Monitor cache hit rates: Track cache_read_input_tokens and cache_creation_input_tokens in API responses.

3. Model Selection: Right-Size for the Task

Not every task needs the most expensive model. Implement a routing system that matches tasks to appropriate models.

Task-Based Routing

import anthropic

def route_task(task_type: str, complexity: int) -> str:
    """Route tasks to appropriate models based on type and complexity."""

    routing_table = {
        # Simple tasks: use cheapest model
        "classification": {"low": "claude-haiku-4-5", "high": "claude-sonnet-4-6"},
        "summarization": {"low": "claude-haiku-4-5", "high": "claude-sonnet-4-6"},
        "translation": {"low": "claude-haiku-4-5", "high": "claude-sonnet-4-6"},

        # Complex tasks: use capable model
        "code_generation": {"low": "claude-sonnet-4-6", "high": "claude-opus-4-7"},
        "reasoning": {"low": "claude-sonnet-4-6", "high": "claude-opus-4-7"},
        "analysis": {"low": "claude-sonnet-4-6", "high": "claude-opus-4-7"},
    }

    complexity_level = "high" if complexity > 7 else "low"
    return routing_table.get(task_type, {}).get(complexity_level, "claude-sonnet-4-6")


def call_llm(prompt: str, task_type: str, complexity: int):
    """Call LLM with appropriate model based on task."""
    client = anthropic.Anthropic()
    model = route_task(task_type, complexity)

    response = client.messages.create(
        model=model,
        max_tokens=1024,
        messages=[{"role": "user", "content": prompt}]
    )

    return response.content[0].text

Cost Comparison

For a typical application with mixed tasks:

Task Distribution	Fixed (Sonnet)	Routed (Mixed)	Savings
60% simple tasks	$3.00/MTok	$1.00/MTok	67%
30% medium tasks	$3.00/MTok	$3.00/MTok	0%
10% complex tasks	$3.00/MTok	$5.00/MTok	-67%
Weighted average	$3.00/MTok	$1.80/MTok	40%

4. Batch Processing: 50% Savings for Async Workloads

For tasks that don't require immediate responses, batch processing offers 50% cost savings.

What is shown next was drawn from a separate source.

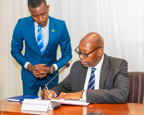 La Cérémonie de signature du mémorandum entre la NBA-Africa et le ministère des sports du Bénin a eu lieu le mardi 17 mai 2022 sous la houlette des deux parties. C’était dans les locaux de salle Fleuve Jaune du Ministère des Affaires Etrangères et de la Coopération. Objectif, faire développer le basketball béninois et donner des opportunités aux basketteurs et basketteuses béninois de réaliser leur rêve.

Anthropic Message Batches API

import anthropic
from anthropic.types.message_create_params import MessageCreateParamsNonStreaming
from anthropic.types.messages.batch_create_params import Request

client = anthropic.Anthropic()

# Create batch
batch = client.messages.batches.create(
    requests=[
        Request(
            custom_id=f"review-{i}",
            params=MessageCreateParamsNonStreaming(
                model="claude-sonnet-4-6",
                max_tokens=1024,
                messages=[{"role": "user", "content": f"Review code snippet {i}..."}]
            )
        )
        for i in range(100)  # 100 requests in one batch
    ]
)

# Poll for results
import time
while True:
    batch_status = client.messages.batches.retrieve(batch.id)
    if batch_status.processing_status == "ended":
        break
    time.sleep(60)

# Process results
for result in client.messages.batches.results(batch.id):
    if result.result.type == "succeeded":
        print(f"{result.custom_id}: {result.result.message.content[0].text}")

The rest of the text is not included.